By 2026, India’s partner community is set to witness exponential growth, driven by a clear frustration among CIOs with dealing directly with technology brands. For many enterprise leaders, direct engagement with OEMs has too often meant being pushed the latest products rather than being offered innovative, business-aligned solutions. This dynamic is creating a massive opening for the partner ecosystem, which is increasingly being viewed as the true co-innovator and trusted problem solver.
Research by Foundry highlights that 68% of CIOs globally now plan to consolidate their vendor landscape, cutting the number of suppliers by as much as 20%. The reason is simple: CIOs no longer want to play referee between multiple OEMs that pitch overlapping solutions. Instead, they prefer a single point of contact in the form of channel partners who can simplify vendor complexity, integrate best-of-breed solutions, and deliver measurable business outcomes. Reliability and trust are central to this preference. As Tom Lynch, CIO of Cook County, Illinois, observed, “Primarily, vendors should be reliable. If a vendor delivers consistently on their obligations, then I’ll be far more likely to reuse them later.” This sentiment resonates deeply in India, where CIOs are under pressure to deliver digital outcomes at speed without being overwhelmed by vendor sprawl.
Kinjal Shah, CIO of Yes Securities |
Across Indian industries, this shift is already visible. Kinjal Shah, CIO of Yes Securities, underlines the point: “From KYC to risk engines and trading platforms, we maintain a multi-vendor ecosystem, but the key is evaluating them annually and co-developing with trusted partners.”
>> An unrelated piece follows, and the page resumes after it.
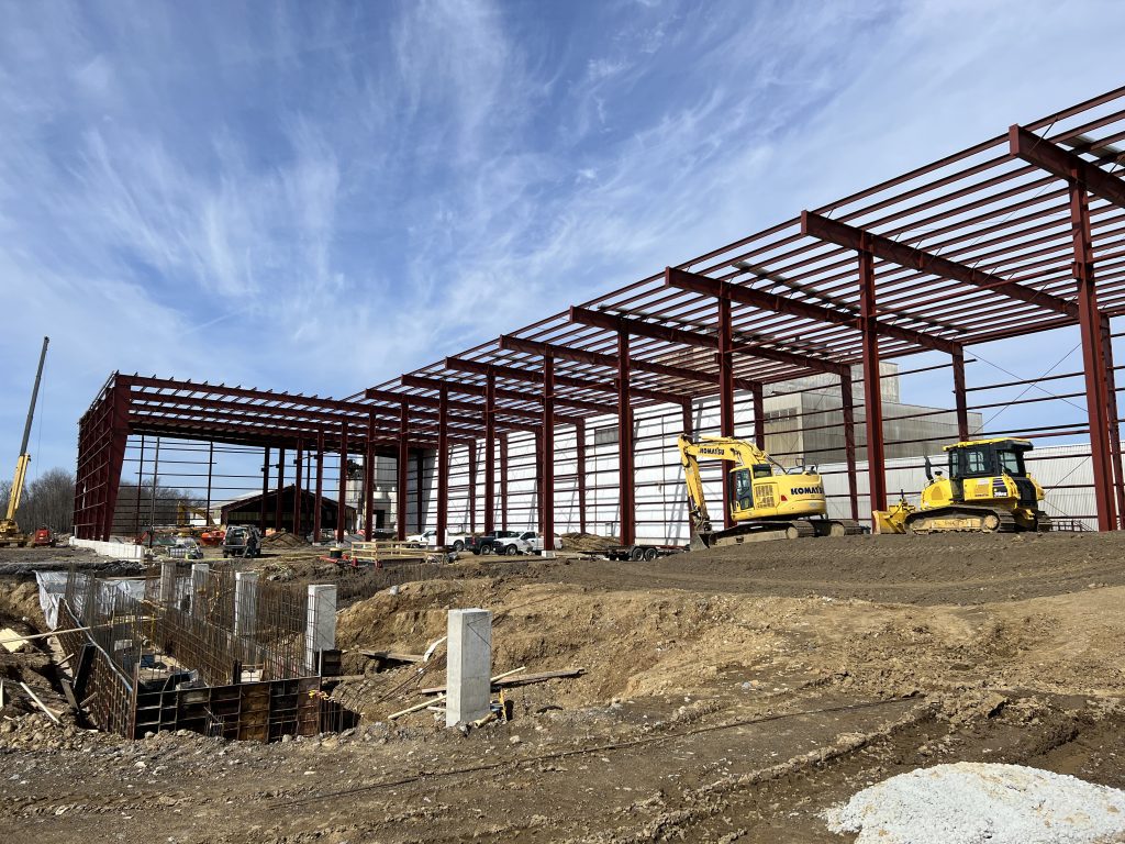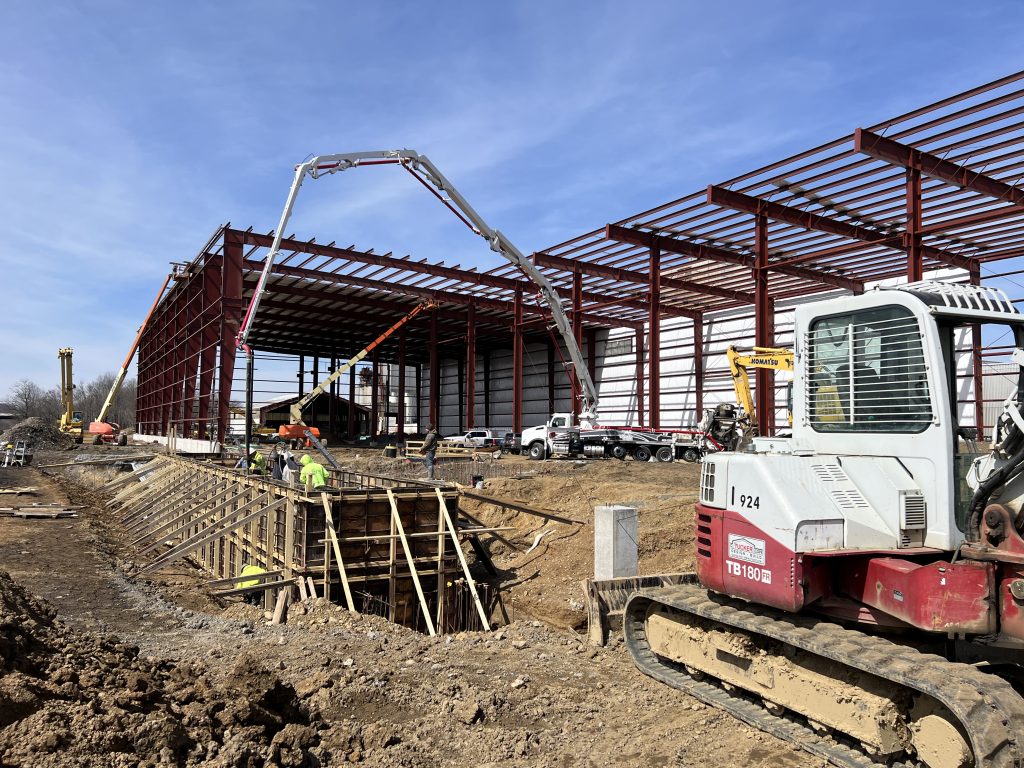 Zarbana Aluminum Extrusion has expanded their production with a new 69,300 SF stand-alone facility for producing billet log castings. This facility includes a deep casting concrete pit, approximately 28′ deep with an additional 22′ deep, 2′ diameter caisson, and a 20-ton overhead crane spanning 82′ of the new facility. The new building also includes all poured concrete foundation walls with several large interior foundation sections for new equipment, some at 8′ in-depth, or more. The roof is single-sloped at a height in excess of 54′ on the high end to provide the necessary clearance inside the building for equipment.

Rajkumar Ayella, Group CIO of KEC International
Similarly, Rajkumar Ayella, Group CIO of KEC International, has streamlined his vendor base: “We’re narrowing to two or three core vendors in each domain, but security still requires multiple players.” Both perspectives point to the growing importance of partners as orchestrators, managing multiple niche vendors under one umbrella while providing CIOs a single face of accountability.
Ninad Raje, CIO of Jaguar Group,
The dissatisfaction with OEMs is also cultural. CIOs believe brands often chase quarterly sales quotas, limiting their ability to act as long-term strategic advisors. Ninad Raje, CIO of Jaguar Group, summed it up: “We are consolidating IT vendors, but in cybersecurity each layer requires a specialist. Partners who act as orchestrators across these vendors create the most value.” The clear takeaway is that CIOs want solutions, not sales pitches—and partners are stepping in to fill that gap.
Anuj singhal Founder and Chief Analyst , itVARnews
Analysts confirm this transformation is irreversible. Anuj Singhal, Founder and Chief Analyst, notes: “Forget the ‘trusted advisor’ moniker; become a ‘success partner’ because shared-risk agreements are reshaping the channel landscape.” More than 45% of Indian channel firms already describe their model as outcome-focused, tying payments to client success metrics rather than product volumes. Forrester’s Ted Schadler reinforces this view: “Leading firms develop advanced partner strategies that focus on outcomes, share risk, align incentives to motivate all parties, and work in blended teams to achieve better results.”
For India’s partner community, the opportunity is historic. CIOs are openly signaling that they no longer want fragmented engagements with OEMs that lack contextual innovation. Instead, they prefer partners who can act as a single point of contact across cloud, security, AI, and industry-specific solutions. By 2026, partners who evolve into co-creators bringing cross-industry expertise, managing complex vendor stacks, and aligning to business KPIs will not just thrive; they will define the future of India’s digital economy. Those who cling to product-pushing models risk being bypassed as CIOs decisively pivot toward partners that put innovation and customer success at the center.